** Exercise materials follows **

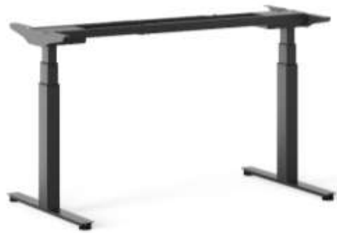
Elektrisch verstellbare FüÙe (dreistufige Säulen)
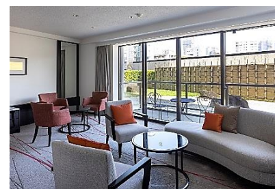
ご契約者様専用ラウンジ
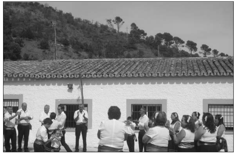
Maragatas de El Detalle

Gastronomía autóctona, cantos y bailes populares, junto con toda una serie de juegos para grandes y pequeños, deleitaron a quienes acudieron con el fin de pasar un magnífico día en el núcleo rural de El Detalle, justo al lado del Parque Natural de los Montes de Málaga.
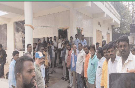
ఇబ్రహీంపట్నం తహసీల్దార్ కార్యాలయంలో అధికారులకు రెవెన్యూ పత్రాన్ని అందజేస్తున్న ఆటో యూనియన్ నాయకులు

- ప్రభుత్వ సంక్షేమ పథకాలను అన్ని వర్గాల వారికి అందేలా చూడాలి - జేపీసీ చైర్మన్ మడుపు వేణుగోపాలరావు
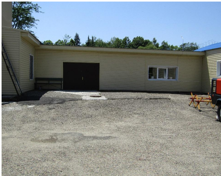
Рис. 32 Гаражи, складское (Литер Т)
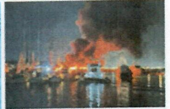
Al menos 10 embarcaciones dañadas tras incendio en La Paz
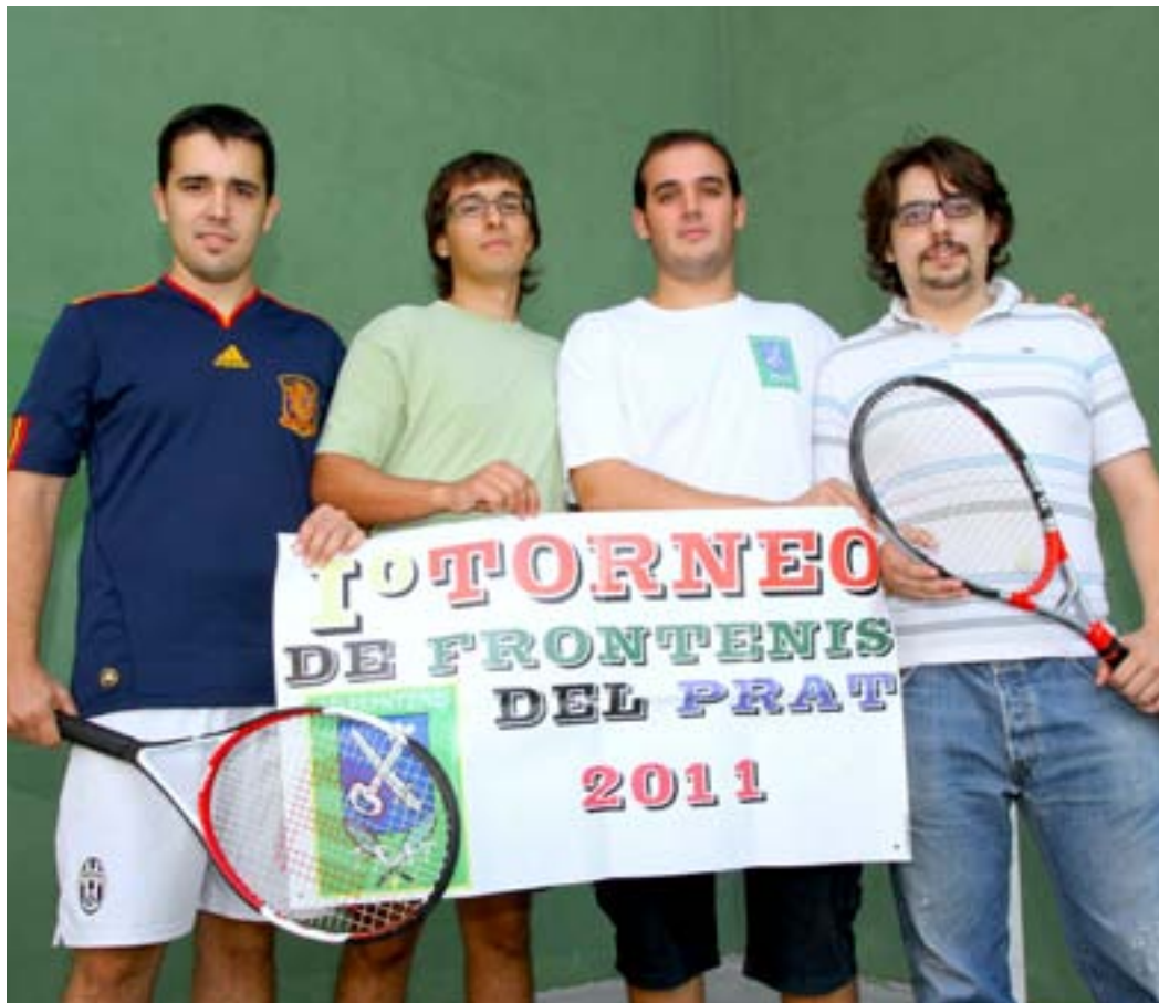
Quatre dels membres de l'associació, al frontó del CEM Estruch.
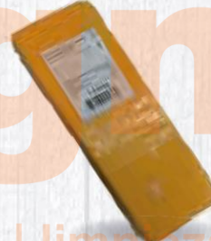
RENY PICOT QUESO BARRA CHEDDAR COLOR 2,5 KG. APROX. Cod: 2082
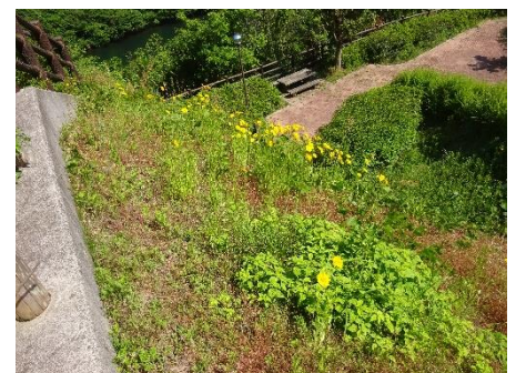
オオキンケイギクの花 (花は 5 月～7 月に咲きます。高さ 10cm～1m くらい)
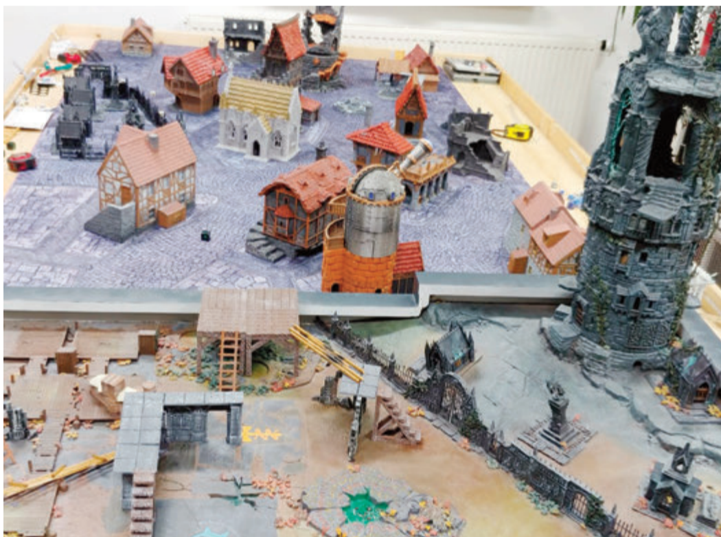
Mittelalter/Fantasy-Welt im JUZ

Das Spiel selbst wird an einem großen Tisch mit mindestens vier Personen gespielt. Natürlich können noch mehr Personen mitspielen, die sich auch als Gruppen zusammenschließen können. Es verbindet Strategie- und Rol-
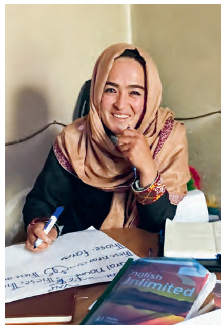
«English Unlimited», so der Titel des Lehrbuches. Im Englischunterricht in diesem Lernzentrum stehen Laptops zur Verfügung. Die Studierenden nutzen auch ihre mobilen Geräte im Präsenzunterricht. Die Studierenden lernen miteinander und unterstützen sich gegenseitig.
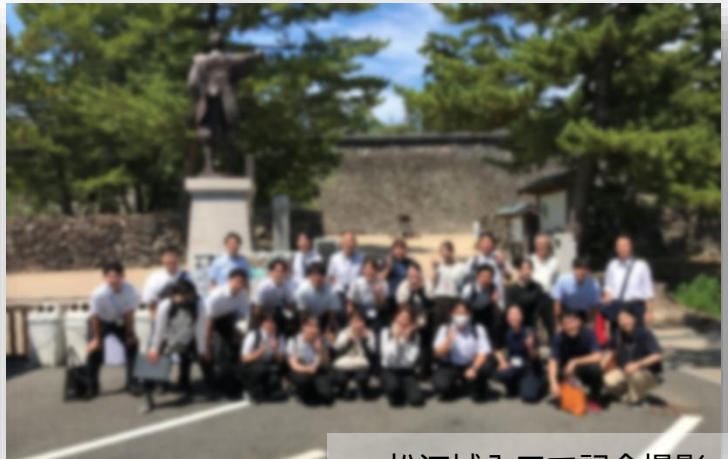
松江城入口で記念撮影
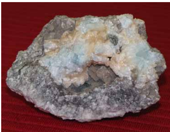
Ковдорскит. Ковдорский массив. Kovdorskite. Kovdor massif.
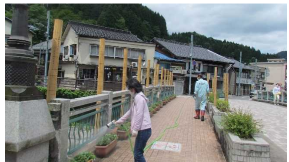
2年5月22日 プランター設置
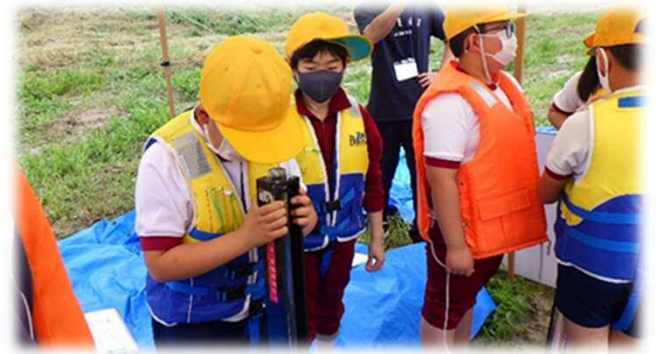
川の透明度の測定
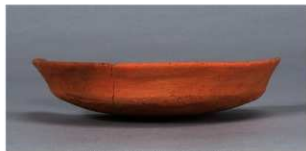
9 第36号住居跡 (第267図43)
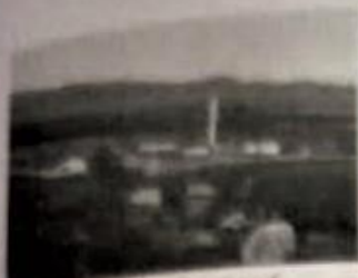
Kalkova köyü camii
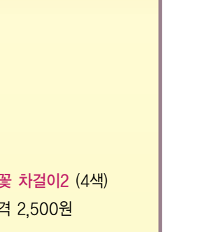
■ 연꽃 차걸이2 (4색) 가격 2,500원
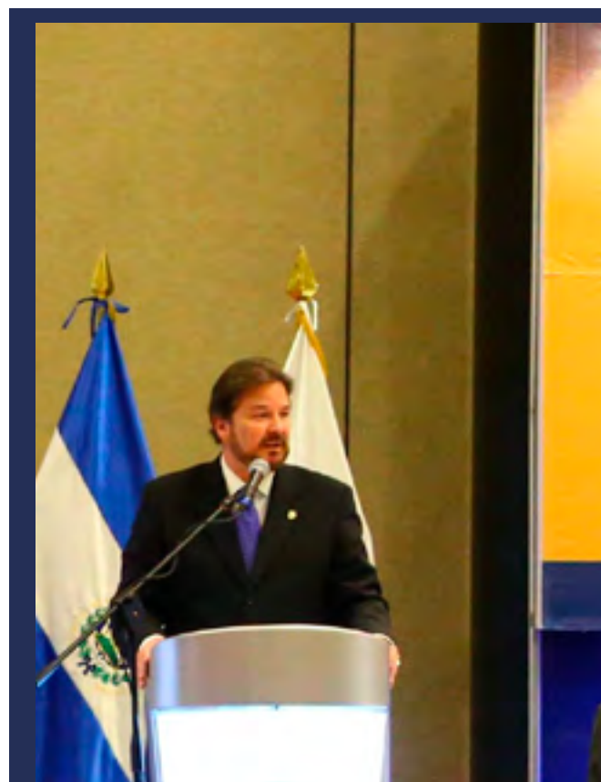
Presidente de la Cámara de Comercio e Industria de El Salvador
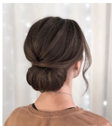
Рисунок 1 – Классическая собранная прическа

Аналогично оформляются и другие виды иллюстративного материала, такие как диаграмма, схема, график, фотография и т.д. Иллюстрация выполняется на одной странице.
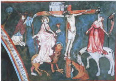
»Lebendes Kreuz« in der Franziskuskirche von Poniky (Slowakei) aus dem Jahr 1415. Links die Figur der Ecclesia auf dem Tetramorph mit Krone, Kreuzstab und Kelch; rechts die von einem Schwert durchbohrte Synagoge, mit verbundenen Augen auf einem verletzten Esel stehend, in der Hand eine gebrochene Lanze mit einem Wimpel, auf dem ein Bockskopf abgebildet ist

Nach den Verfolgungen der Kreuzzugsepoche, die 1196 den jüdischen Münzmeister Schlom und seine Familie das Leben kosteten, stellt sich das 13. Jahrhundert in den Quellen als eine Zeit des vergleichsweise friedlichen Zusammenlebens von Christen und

** End of Exercise materials **

→ **Task requirements**: Pictures are to be left out. Write out only the lines above starting at the one with "オオキンケイギクの花 (花は 5 月～7 月に咲きます。高さ 10cm～1m くらい)" and ending at the one with "Das Spiel selbst", both lines included, exactly.

→ **Answer below**:
オオキンケイギクの花 (花は 5 月～7 月に咲きます。高さ 10cm～1m くらい)
Mittelalter/Fantasy-Welt im JUZ

Das Spiel selbst wird an einem großen Tisch mit mindestens vier Personen gespielt. Natürlich können noch mehr Personen mitspielen, die sich auch als Gruppen zusammenschließen können. Es verbindet Strategie- und Rol-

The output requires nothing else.